Immunosuppression: Evolution in Practice and Trends, 1994–2004


  • Note on sources: The articles in this report are based on the reference tables in the 2005 OPTN/SRTR Annual Report, which are not included in this publication. Many relevant data appear in the figures and table included here; other tables from the Annual Report that serve as the basis for this article include the following: Tables 1.9a and b, 5.6a–i, 6.6a–i, 7.6a–i, 8.6a–i, 9.6a–i, 10.6a–i, 11.6a–i, 12.6a–i, 13.6a–i, 15.4a and b, 15.5a and b and 15.4–15.15. All of these tables may be found online at


Over the last 10 years, there have been important changes in immunosuppression management and strategies for solid-organ transplantation, characterized by the use of new immunosuppressive agents and regimens. An organ-by-organ review of OPTN/SRTR data showed several important trends in immunosuppression practice.

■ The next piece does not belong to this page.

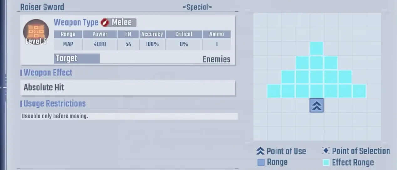 Its EX weapon "Raiser Sword EX": Range 1-4, Power 7,200, with Absolute Hit, ignores damage reduction, and inflicts a 35% ATK Down debuff for 1 turn. Its only drawback is the 4 MP consumption.

There is an increasing trend toward the use of induction therapy with antibodies, which was used for most kidney, pancreas after kidney (PAK), simultaneous pancreas-kidney (SPK) and pancreas transplant alone (PTA) recipients in 2004 (72–81%) and for approximately half of all intestine, heart and lung recipients. The highest usage of the tacrolimus/mycophenolate mofetil combination as discharge regimen was reported for SPK (72%) and PAK (64%) recipients. Maintenance of the original discharge regimen through the first 3 years following transplantation varied significantly by organ and drug. The usage of calcineurin inhibitors for maintenance therapy was characterized by a clear transition from cyclosporine to tacrolimus. Corticosteroids were administered to the majority of patients; however, steroid-avoidance and steroid-withdrawal protocols have become increasingly common. The percentage of patients treated for acute rejection during the first year following transplantation has continued to decline, reaching 13% for those who received a kidney in 2003, 48% of which cases were treated with antibodies.